On Friday, the government proposed making it mandatory to display a notice when a filter or edit is applied to promotional content posted by an influencer.
This measure, whose guidelines are not yet known, will form part of a bill that will be studied next week in a public session in the National Assembly. In 2017, the “Photoshop decree” already made it mandatory to mention “retouched photography” in ads for models whose silhouette had been modified.
And today, Instagram and Tik Tok they already allow you to show the filters used, so that subscribers can use them too.

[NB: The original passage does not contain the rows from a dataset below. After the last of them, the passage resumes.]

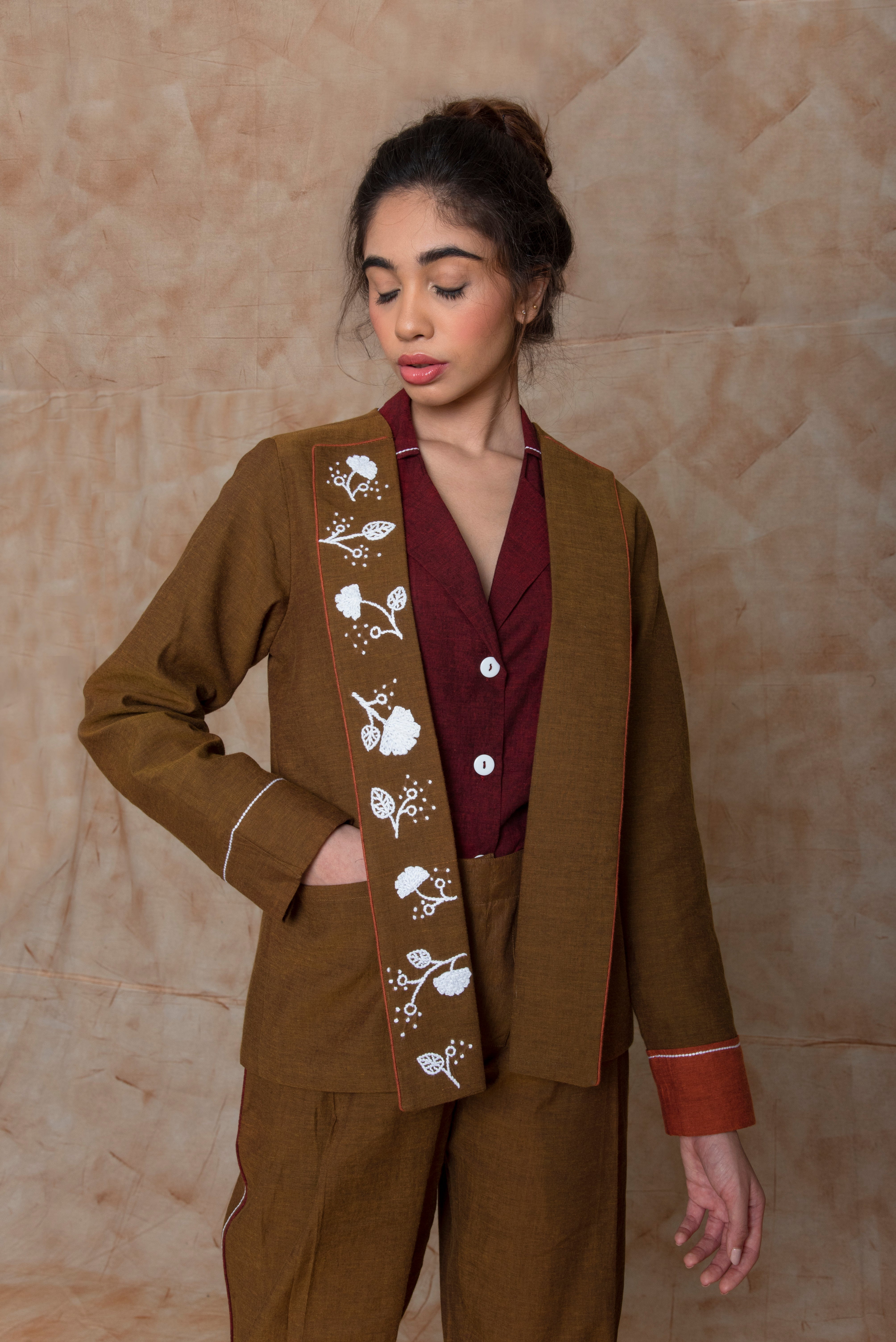 Modern tailored jacket with an extended lapel, no buttons, asymmetric embroidery and back vent. Structured shape for day to night....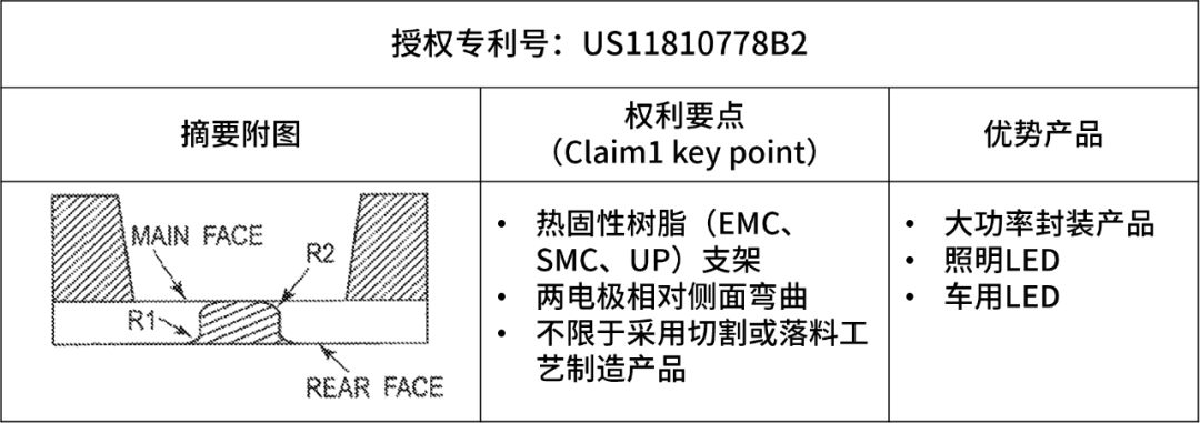 该专利是聚飞光电继2020年12月受让昭和电工的热固性树脂(EMC、SMC、UP)封装核心基础专利,在全球进行热固性树脂(EMC、SMC、UP)封装专利技术布局后,通过延续申请进行深度布局的系列案之一。通过获得该美国专利授权,进一步巩固了聚飞光电在全球进行热固性树脂(EMC、SMC、UP)封装技术布局的深度。该专利技术可覆盖到聚飞光电目前在研的产品和已经投入市场的成熟产品,特别是在大功率封装产品、照明产品和车用产品上具有广泛的应用前景和突出的技术优势。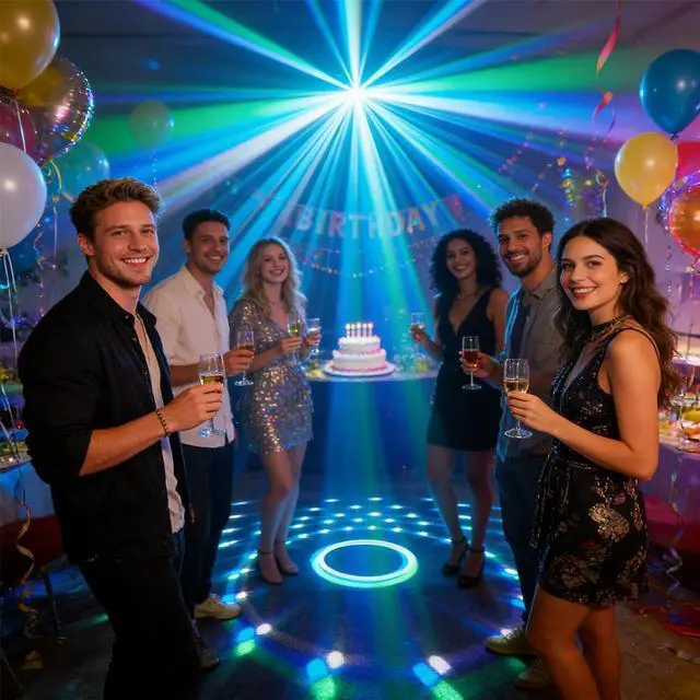 Bright & Wide CoverageEquipped with 5 high-intensity lighting lenses, the party rave light covers up to 600 sq. ft., ensuring a radiant glow for the daily party events. Whether its a cozy home celebration or a lively backyard party, you will be immersed in the wonderful lighting world!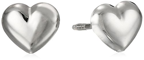 Heart-shape button stud earrings in polished 14k white Duragold with secure screw backing

The latter, doped with artificial intelligence called “generative”, are also difficult to identify without this mention.
For example, the popular “Bold Glamour” filter has been used more than 28 million times on Tik Tok with many users complaining about significant differences between their “natural” and modified image.
Like thousands of anonymous people, celebrities such as the ex-model Carla Bruni or Miss France Iris Mittenaere have denounced, with supporting images, on Instagram the effect of this new beauty standard on the youngest.
According to Olivia Petit, a professor-researcher at Kedge Business School and a specialist in the effects of marketing on the brain, “the discrepancy between the real image and the enhanced image creates enormous dissatisfaction and discomfort among adolescents”, who are very receptive to the content of popular influencers. .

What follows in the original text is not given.